Quand il n'y a plus de place en enfer, les daubes reviennent sur terre ?

Alors, c'est ça, le film bouh-qu'il-est-nul qui a été unilatéralement décrété comme la nouvelle tête de turc par la critique tête-à-claques? Un film sur lequel des fatwas ont été lancées sur la base d'UNE seule bande annonce ? Et que certains écrivent même sans aucune honte qu'il faudrait qu'ils se tapent les comics maintenant qu'ils ont assisté à cette purge anticipée ?


...


C'est à désespérer parfois.


Car Hellboy ne mérite pas cette unanimité suspecte dans la dénonciation et le lynchage, qui a plus été le fruit de la colère provoquée par l'annulation du troisième épisode de la série de l'enfant chéri de la communauté cinéphile. Dans un retournement de veste assez savoureux, du reste.


Mais je m'égare.


Hellboy commence comme s'il avait la volonté de couper le cordon. En effet, il n'est sans doute pas innocent que le cornu débute son aventure dans la patrie du généreux Guillermo Del Toro, en reprenant au passage le premier récit de La Fiancée de l'Enfer : Hellboy au Mexique. Sans doute histoire de souffler à l'oreille du spectateur qu'il devra faire son deuil de son désir et d'apaiser sa colère. Car si une séquence au coeur du film fera clairement référence à l'imaginaire du mexicain, Hellboy sera immédiatement relocalisé en quasi intégralité en Angleterre, ainsi que dans l'univers très série B de Neil Marshall, artisan consciencieux et immédiatement sympathique.

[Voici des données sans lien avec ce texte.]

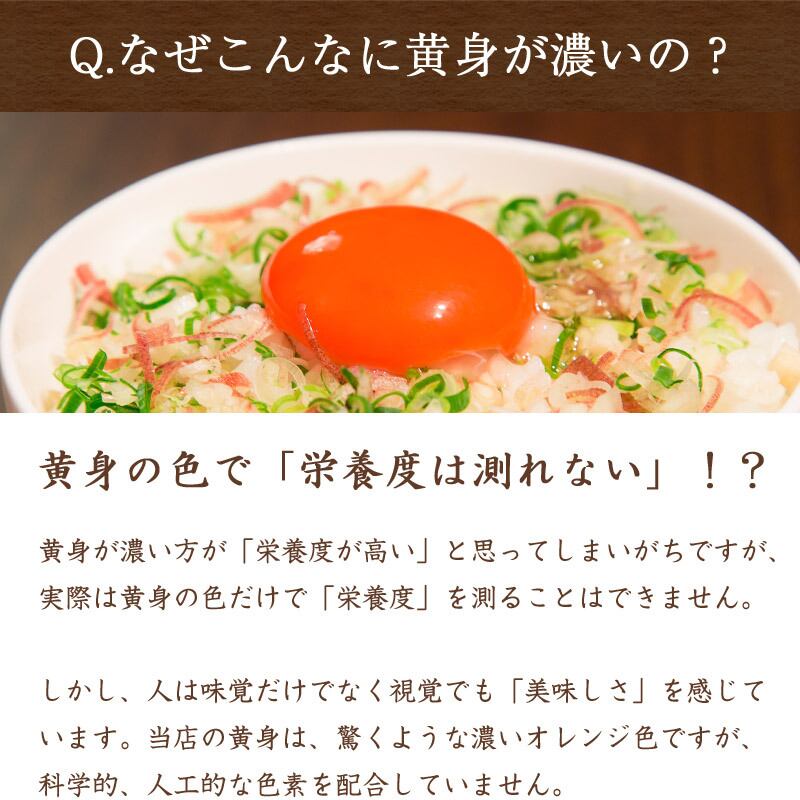 保存方法:冷蔵庫(10℃以下)で保存してください。生食の場合は賞味期限内に使用し、賞味期限経過後および、殻にヒビが入った卵は、なるべく早めに、充分に加熱調理してお召し上がりください。

Neil souffrira sans doute de la comparaison avec Guillermo, parfois à raison. Mais il ne faudrait pas perdre de vue que ses deux opus sont bien plus proches de son univers sensible et romantique, surtout Les Légions d'Or Maudites, ce qui fit grincer des dents Mike Mignola, le papa du démon.

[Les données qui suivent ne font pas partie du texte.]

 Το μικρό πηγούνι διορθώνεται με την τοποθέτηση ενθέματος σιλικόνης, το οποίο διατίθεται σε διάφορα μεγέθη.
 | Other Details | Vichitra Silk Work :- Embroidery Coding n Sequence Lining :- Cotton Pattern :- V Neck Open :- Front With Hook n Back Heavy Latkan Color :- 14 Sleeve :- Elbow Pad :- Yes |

Mais l'amour était sincère et les oeuvres de très jolies "trahisons", à l'image des écrits de Dumas, qui affirmait qu'on pouvait violer l'histoire à condition de lui faire de beaux enfants.


Ce Hellboy new look sera ainsi infiniment plus proche de son matériau d'origine. Moins noble, moins magique, beaucoup plus rugueux et ténébreux aussi. Au cours d'une aventure basique, mais qui reprend cependant une myriade d'éléments du comics, en les traitant et en les agglomérant de façon parfois brillante. Notamment La Grande Battue, arc indispensable du personnage, et menant inéluctablement, bien sûr, à l'affrontement avec la reine de sang.

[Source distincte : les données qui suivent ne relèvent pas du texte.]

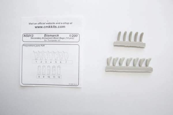 Bismark/Bismarck German Battleship 1941 Secondary Armament Blast Bags (12 pcs) Highly detailed resin cast blast bags (12 pcs) for secondary 150 mm guns. (designed to be used with Trumpeter kits)

Hellboy permet au bestiaire de Mignola de prendre vie de façon fascinante. et si ces idiots de Première inscrivent dans la colonne des mauvais points "un gloubi boulga de références mythologico-littéraires qui n'évite pas la redite", ceux-ci n'évitent pas le ridicule, puisqu'il s'agit là de l'inspiration même d'un Mike Mignola pourtant portées aux nues dans son domaine...


On n'est plus à une bêtise près, de toute façon...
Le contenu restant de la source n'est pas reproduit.